ニュース映像自動要約システムの実用化

SNS(Social Networking Service)などのインターネットサービスでは、短時間で視聴できる映像コンテンツが好まれています。放送局においても、番組の重要なシーンを抽出した「要約映像」をネット配信することで、放送番組の接触率の向上が期待できます。

そこで当所では、放送局においてネット配信の要望が高まっているニュース要約映像の制作を支援するために、AI(人工知能)を使用した「ニュース映像自動要約システム」を開発しました。

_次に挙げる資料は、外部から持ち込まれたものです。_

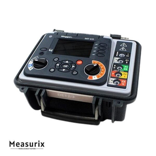 The Megger DET2/3 is a high‑resolution earth (ground) resistance tester designed for large or complex grounding systems, offering 1 mΩ resolution, multiple test modes (2‑/3‑/4‑pole, soil resistivity, stakeless) and rugged field‑ready construction.

本システムにニュース番組映像をアップロードすると、AIによる自動要約処理が行われ、ニュース項目ごとにそれぞれ要約された映像が生成されます(図1)。生成された項目ごとの要約映像をつなぐことで、15~30分のニュース番組から2分程度の要約映像を自動で生成できます。処理時間は10~20分のため、ニュースの即時性を失わずに、要約映像をホームページやSNSに展開できるようになりました。

重要シーンならではの構図・カメラワーク・音声内容(キーワード)を学習したAIを利用して映像区間を選定しているため、ニュースの見どころを的確に捉えた要約映像を作ることができます。利用者である番組ディレクターや編集スタッフの個性とこだわりにもきめ細かく対応するために、自動生成された映像のカット構成などを簡単な操作で修正できる機能も実装しました。

本システムは2022年10月にNHKの全国版ニュースの制作現場で試用され、正午ニュースの要約映像が、放送終了後間もない13時にはNHKのニュースサイト「NHK NEWS WEB」やTwitterで公開されました。首都圏ニュースの制作現場でも同年11月から運用が開始されており、平日昼に放送されたニュースの要約映像が、その日の午後にTwitterで配信されています。同年12月中旬からは札幌放送局、2023年1月中旬からは徳島放送局での利用とTwitter配信が始まり、全国規模でのさらなる展開が期待されています。

今後も、視聴者に提供するコンテンツの充実に向けて、番組制作現場を支援するための研究を続けていきます。